If only ghetto life were really like this--well, actually it still looked pretty bad. The characters on the show were not especially dysfunctional--plenty of marriages, nobody dropping out of school, other than JJ everybody's work ethic/desire to hold a job seemed pretty high, everybody living together. It's kind of disturbing that they were never able to substantially improve their situation.

#17--Get Smart. If the dominant form of our current age is, or has been, reality television, this must represent a kind of opposite pole from the dominant paradigm of the 1960s, which seemed to be to think up the most ridiculous and unserious premise for a storyline one possibly could. Numerous examples of this will be found throughout these rankings. Much TV is always aimed at young people, and some of the more 'successful' concepts of the 60s were those which took a mocking view of various aspects of society and the culture as a teenager would have likely perceived them. This is why they are so silly, though in some instances mildly amusing. It is hard to say that the adults of the time did not take themselves as seriously as they do now, because obviously in many ways they did, but I do think people who wrote and produced TV shows in the 1960s were a little more open to the idea of the process being fundamentally absurd than people who write equally silly shows are now.

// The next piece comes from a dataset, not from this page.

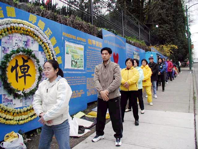 | 【明慧网2003年4月9日】最近,加拿大温哥华学员针对起诉江××案作了交流。有学员谈到,前一阶段对起诉江XX案重视不够,把这件事当成是那些起诉学员的负责的众多项目中的一个,觉得有他们在做就可以了,自己则光顾着自己手头的正法工作。讨论中大家充分认识到这是跟我们每个大法弟子都密切有关的大事,将迫害大法的人间首恶绳之以法,一大批受蒙蔽的世人就会清醒,就能得到救度。起诉的过程与成功的结果将会对我们讲清真相产生很大的影响。因此每个大法弟子都必须时刻保持正念,头脑清醒理智,全世界大法弟子形成一个整体,强大正念之场,坚持做好正点发正念,不给邪恶钻空子。同时积极利用起诉事件来讲真相,告诉中国人,伸张人间正义。 4月6日周日下午1点至5点,大家来到中领馆前集体发正念,坚定清除另外空间迫害大法的邪恶因素,尤其以强大正念清除针对即将进入下一步法律程序的起诉江××案的任何干扰。温哥华学员互相提醒将继续保持正念、密切关注起诉案的每一步进展,并及时在法上交流,整体提高认识。   学员们在讨论中还谈到,针对中国大陆诬陷法轮功的邪恶电视剧的出笼,我们也必须加强正念,及时清理另外空间的邪恶因素,不能让这样的谎言再去毒害可贵的中国人民。 |

#16--The Beverly Hillbillies. Another example of the 60s' peculiar genius for totally absurd plotlines. Great song, with its twanging banjo, ludicrous lyrics, and mock serious presentation. The studios used to have guys in-house who would bang out these little ditties apropos of nothing on assignment. Of course back in the 30s and 40s they would have to come up with six of seven songs for an upcoming musical within a month or two. Does anybody do this anymore, other than John Williams and Randy Newman, who aren't exactly writing the kinds of things I'm talking about anyway? It can't be that hard, we've just fallen out of the habit of making people do it.



Granny has to be one of the five greatest characters in the history of television.

I won't be doing these all in a row, so it will probably be two weeks before I put up the next set.